Radny województwa z Więcborka Marek Witkowski przyznaje, że Bydgoszcz przegrywa z Toruniem, gdyż politycznie jest słabsza. Liczy, że sytuacja zmieni się po wyborach parlamentarnych. Sam kandyduje na posła.
– Marszałka oddaliśmy Toruniowi nie podejmując żadnej walki – ocenia wydarzenia z grudnia ubiegłego roku radny Marek Witkowski.
– Oceniam, że bydgoscy politycy, którzy mają przecież ambicje, aby być liderem województwa, nie mieli nawet planu, jak przekierować biegun władzy z Torunia do Bydgoszczy. Inicjatywa była w rękach bydgoskich radnych Sejmiku.
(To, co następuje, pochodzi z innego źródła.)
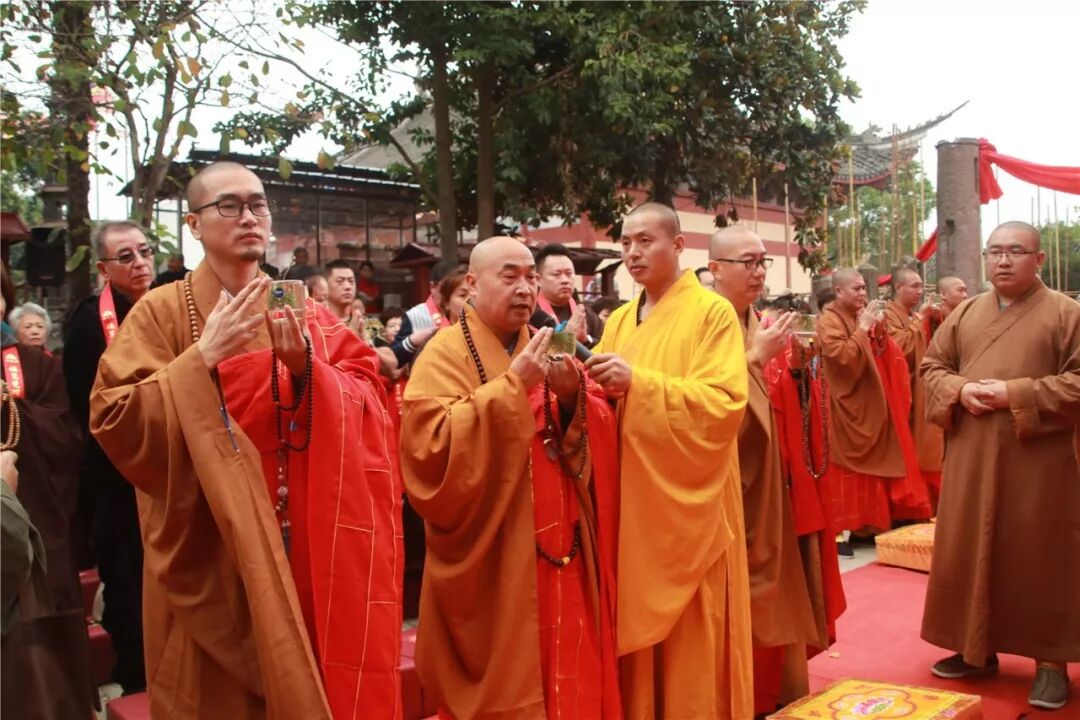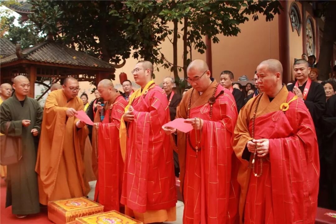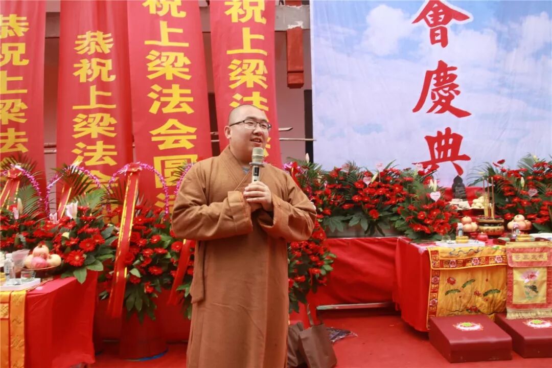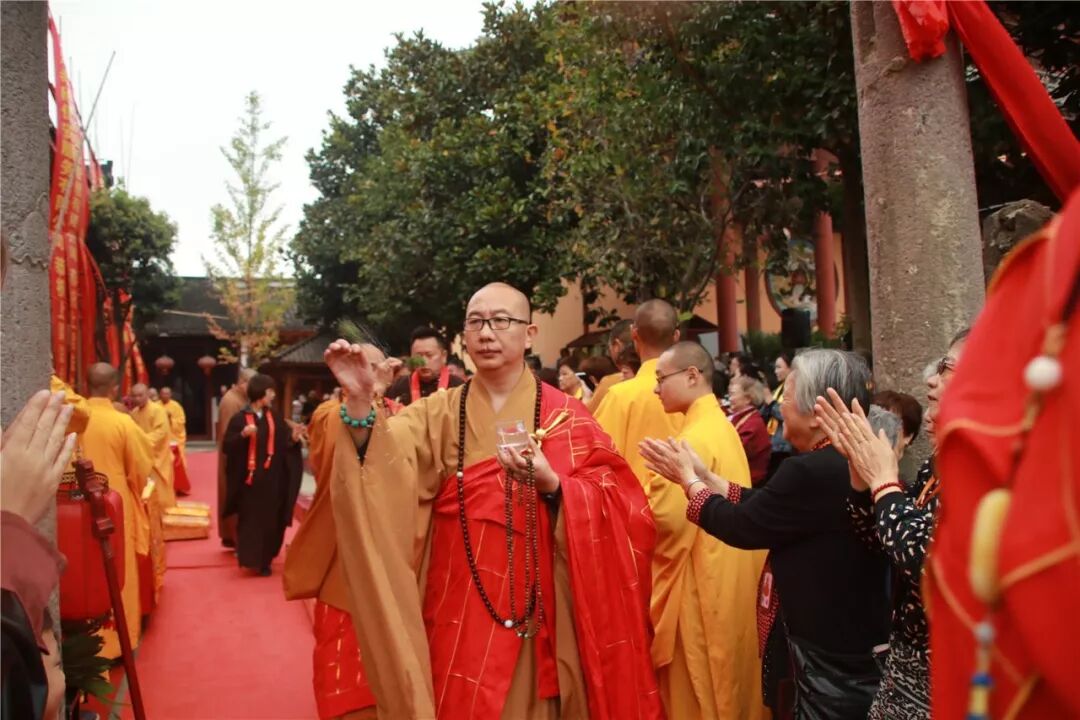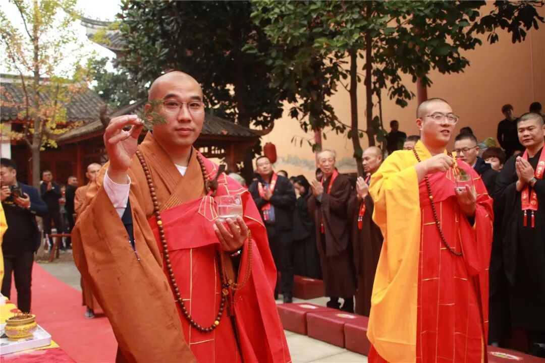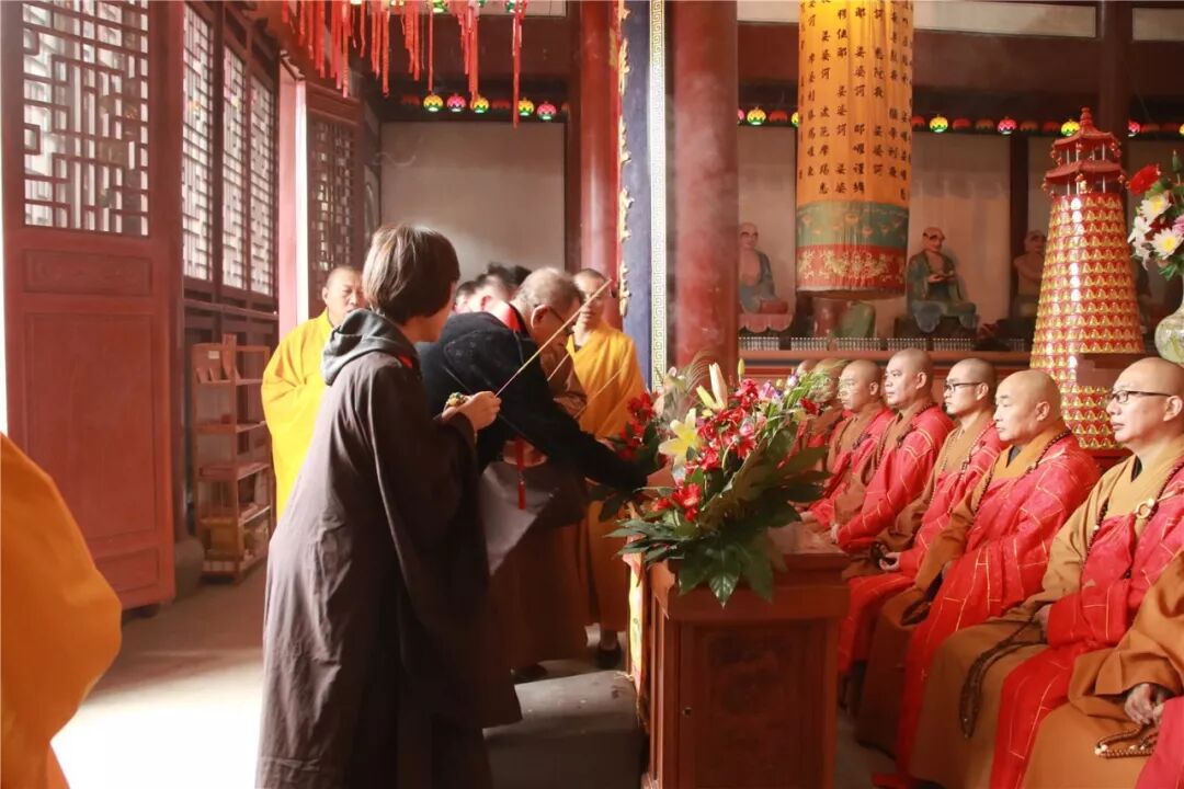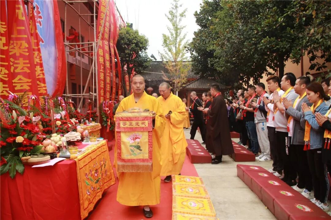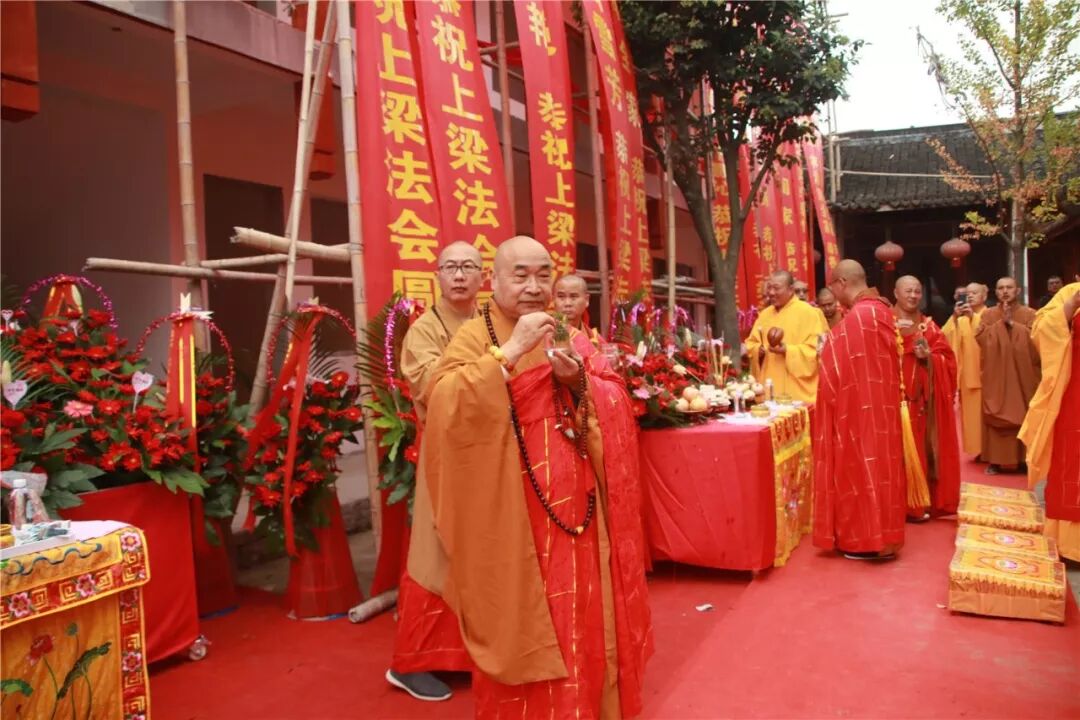 上午10点28分,在阵阵梵呗声中,宗慧大和尚、惟学大和尚、宗然法师、妙悟法师、印可法师、兴宏法师、演法法师、果明法师、惟一法师、中德法师、仁深法师率领两序大众沐手焚香,讽诵经咒,宣说上梁法语,令坛场悉清净。祈愿道场,龙天护佑,慧灯永续。与会大众法喜充满。

Nie zaprosili nawet radnych z pozostałych okręgów zachodniej części województwa, aby wspólnie podjąć jakieś działania polityczne – ubolewa Witkowski i dodaje – Przypomnę, że kandydaturę Zbigniewa Pawłowicza, jako konkurenta dla Piotra Całbeckiego, zgłosił przecież radny Roman Jasiakiewicz. Mam wrażenie, że zrobił to bez uzgodnienia z bydgoskimi działaczami Platformy Obywatelskiej. Niestety takie działania bez planu były od razu skazane na porażkę. Ważna była tutaj matematyka, potrzebna jest przecież większość, a bez współpracy ponadpartyjnej było to po prostu niemożliwe.
Witkowski podkreśla, że z wielkich planów bydgoskiej odnogi PO ustanowienia marszałka z Bydgoszczy, nic się nie ziściło.
– Bydgoszcz w efekcie straciła, została pozbawiona bezpośredniego wpływu chociażby na środki z RPO. W Zarządzie Województwa nie zasiada żadna osoba wskazana przez bydgoskie struktury polityczne PO. Do końca aktualnej kadencji raczej nic się nie zmieni. Można jedynie szukać rozwiązania w nowelizacji ustawy przez przyszły Sejm w celu wymuszenia współpracy pomiędzy marszałkami a radnymi. Zapis o zablokowaniu RPO sprzeciwem 1/3 Sejmiku byłby ryzykownym zapisem, ale dawałby szansę na zrównoważony rozwój województw – ocenia radny województwa.